Free Newsletters - Space - Defense - Environment - Energy
..
. Mars Exploration News .




MARSDAILY
Mars Rover Opportunity Heads Uphill
by Staff Writers
Pasadena CA (JPL) Oct 24, 2013


NASA's Mars Exploration Rover Opportunity captured this southward uphill view after beginning to ascend the northwestern slope of "Solander Point" on the western rim of Endeavour Crater. Image credit: NASA/JPL-Caltech. For a larger version of this image please go here.

NASA's Mars Exploration Rover has begun climbing "Solander Point," the northern tip of the tallest hill it has encountered in the mission's nearly 10 Earth years on Mars.

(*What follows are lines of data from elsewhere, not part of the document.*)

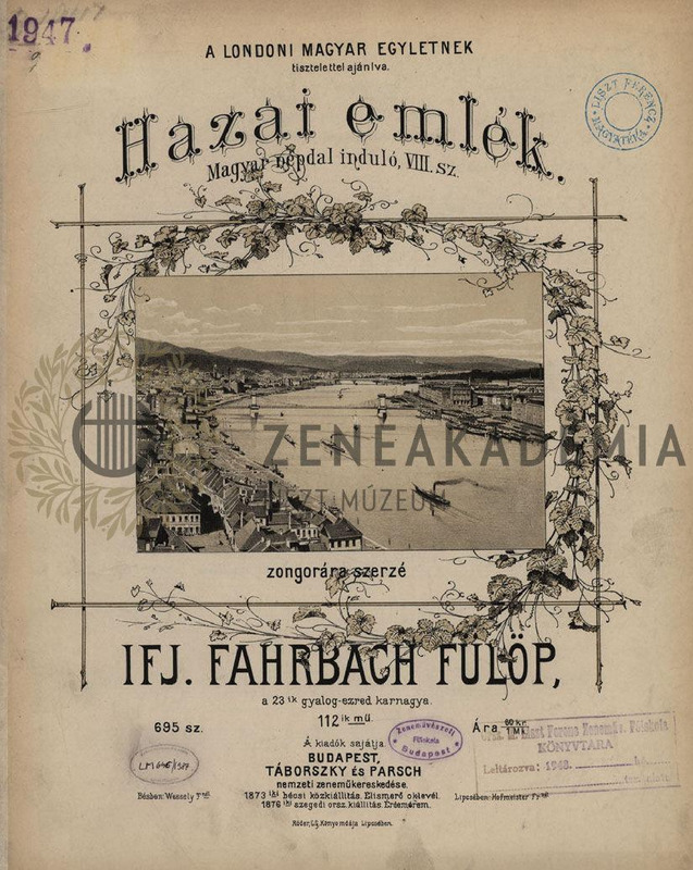 Hazai emlék, 112ik mű; magyar népdal induló, VIII. sz. zongorára.
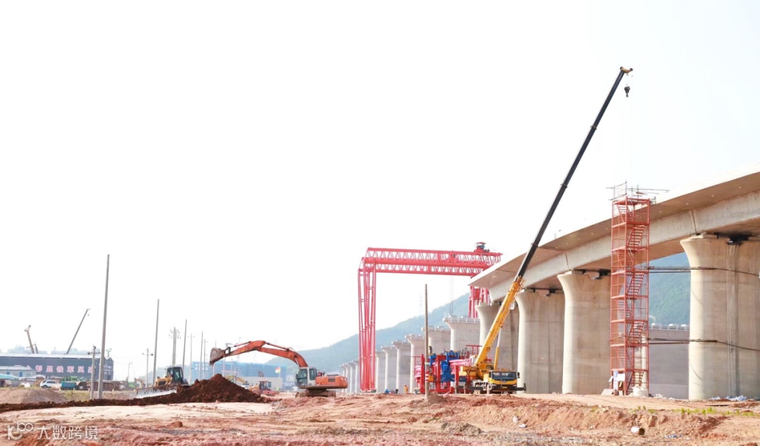 今年以来,在集团“双一流”建设指引下,作为宁波舟山港“第六港区”建设的核心载体,也是世界一流强港建设标志性项目的义乌(苏溪)国际枢纽港项目,正加快建设步伐。日前,项目一期工程——金甬铁路苏溪集装箱办理站装卸线1号特大桥首梁架设成功,整体建设进度正朝着年底基本建成的目标持续推进。
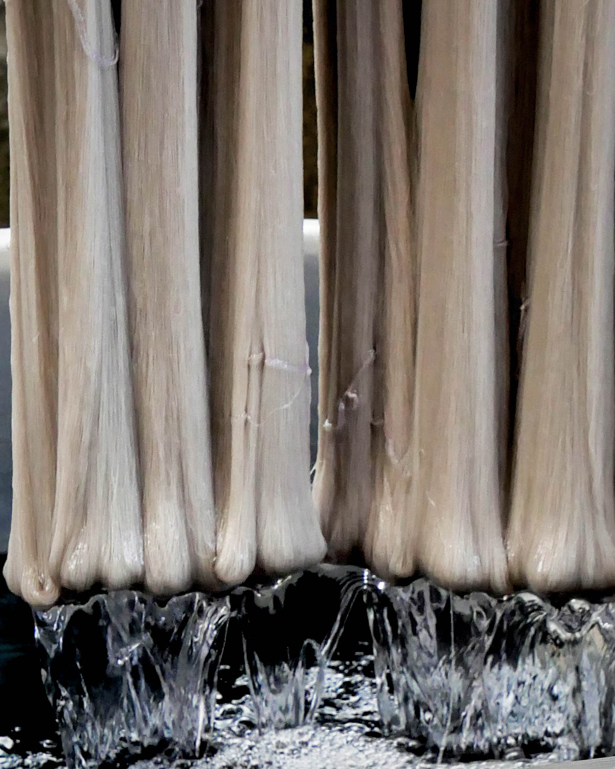 Lavage, filage, teinture, étirement… chaque geste devient méditation, un dialogue intime entre la patience de l’homme et les forces naturelles. Les fils s’élèvent et s’abaissent, couche après couche ; le plus infime tiraillement, la plus subtile torsion, s’emplissent d’une magie imperceptible.
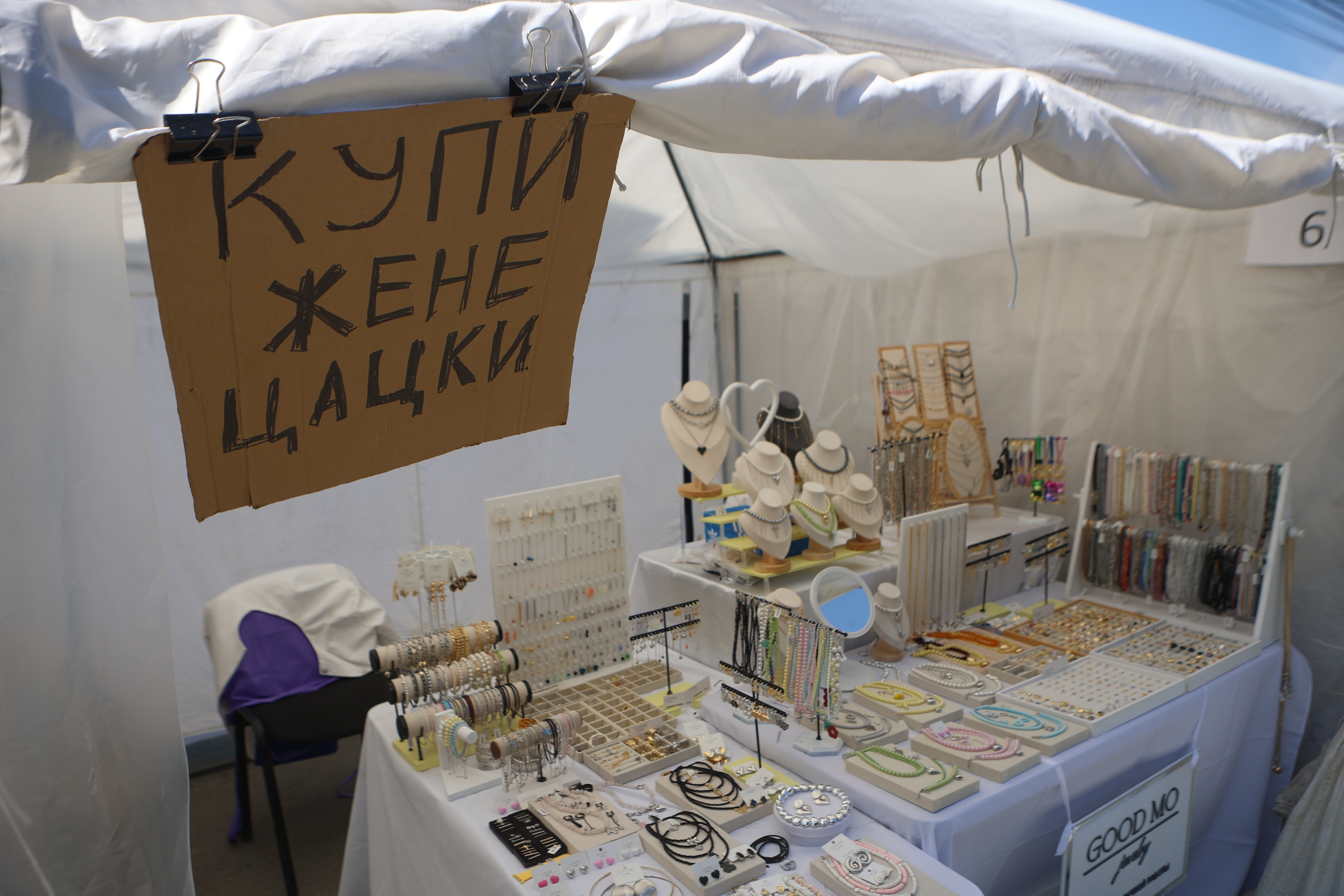 Тунику с Ван Гогом и бусы из ракушек предлагают на ярмарке у «Глобуса»
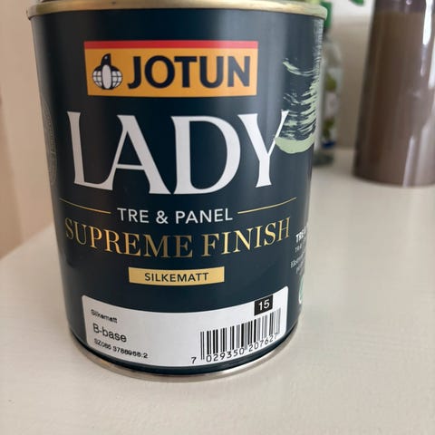 Selger en uåpnet 0,75 liters boks med Jotuns Tre & Panel Supreme Finish i fargen Frostrøyk. Glansgrad silkematt.

Guided by mineral mapping from orbit, the rover is exploring outcrops on the northwestern slopes of Solander Point, making its way up the hill much as a field geologist would do. The outcrops are exposed from several feet (about 2 meters) to about 20 feet (6 meters) above the surrounding plains, on slopes as steep as 15 to 20 degrees. The rover may later drive south and ascend farther up the hill, which peaks at about 130 feet (40 meters) above the plains.

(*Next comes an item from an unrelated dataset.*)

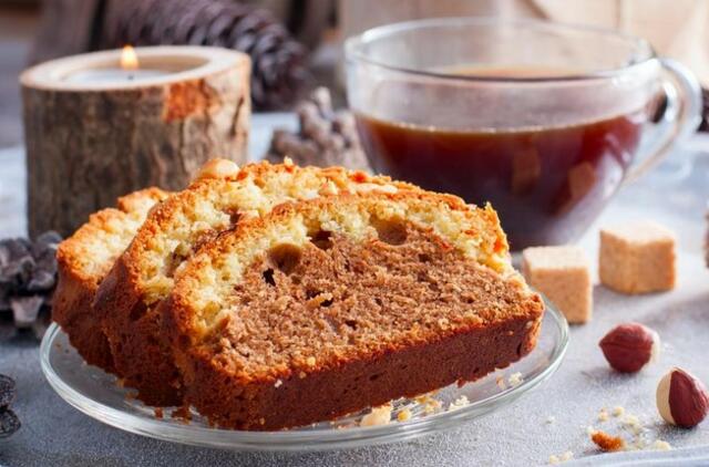 Ištepkite kepimo indą riebalais ir supilkite į jį tešlą. Pyragą kepkite 40 minučių 180° temperatūroje. Dantų krapštuku patikrinkite, ar pyragas paruoštas. Jei pyrago viršus rudas, o vidus drėgnas, uždenkite jį folija.

"This is our first real Martian mountaineering with Opportunity," said the principal investigator for the rover, Steve Squyres of Cornell University, Ithaca, N.Y. "We expect we will reach some of the oldest rocks we have seen with this rover - a glimpse back into the ancient past of Mars."

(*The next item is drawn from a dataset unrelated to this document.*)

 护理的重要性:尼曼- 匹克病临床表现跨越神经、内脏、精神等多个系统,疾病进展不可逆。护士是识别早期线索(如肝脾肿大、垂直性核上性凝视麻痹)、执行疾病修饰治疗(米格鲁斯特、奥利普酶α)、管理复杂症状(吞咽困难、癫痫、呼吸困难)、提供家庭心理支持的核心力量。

The hill rises southward as a ridge from Solander Point, forming an elevated portion of the western rim of Endeavour Crater. The crater spans 14 miles (22 kilometers) in diameter. The ridge materials were uplifted by the great impact that excavated the crater billions of years ago, reversing the common geological pattern of older materials lying lower than younger ones.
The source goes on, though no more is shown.